MSSC physicians step up when tornadoes level towns

MSSC physicians step up when tornadoes level towns

When a tornado leveled Udall late on May 25, 1955, the Medical Society of Sedgwick County went to work. Its response still stands out 70 years later, as does the Kansas record toll of 80 deaths and 270 injuries.

Notified before midnight by MSSC member Donald Trees, MD, of the local Red Cross Medical Disaster Committee, teams of more than a dozen physicians drove through heavy rain to help in both Blackwell, Oklahoma, and Udall.

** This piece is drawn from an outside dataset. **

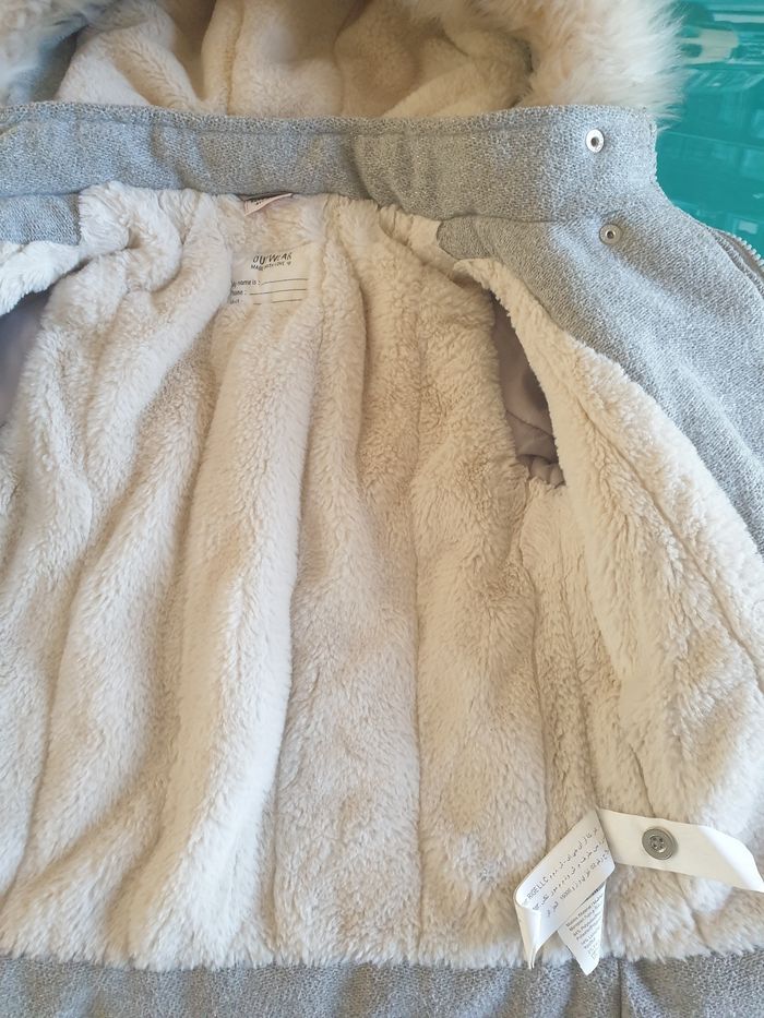 Manteau très chaud polaire à l'intérieur. Pour fille 4 ans. Marque tape à l'œil. Tres peu porté pas de bouton manquant fermeture éclair fonctionne très bien. Couleur gris légèrement pailleté

“As fast as they (live tornado victims) were brought from the debris, doctors gave emergency aid,” MSSC Secretary H. Martin Baker told The Wichita Eagle. The respond­ers also included area nurses and law enforcement, National Guard, McConnell Air Force Base and Salvation Army personnel.

Following a disaster plan dating from a 1946 storm, more MSSC members were deployed to Wichita’s hospitals. A doctor at St. Joseph said of the patients, notes pinned to their clothes describing their injuries and needs: “Frankly, most of them are either serious or critical or very, very grave.”

Four MSSC physicians remained in Udall until 9 p.m. May 26. In the aftermath, hundreds of Wichitans donated blood, food and supplies. The storm system, which also killed 20 and injured 250 in Blackwell, would lead to the National Weather Service’s warning system and volunteer spotter network.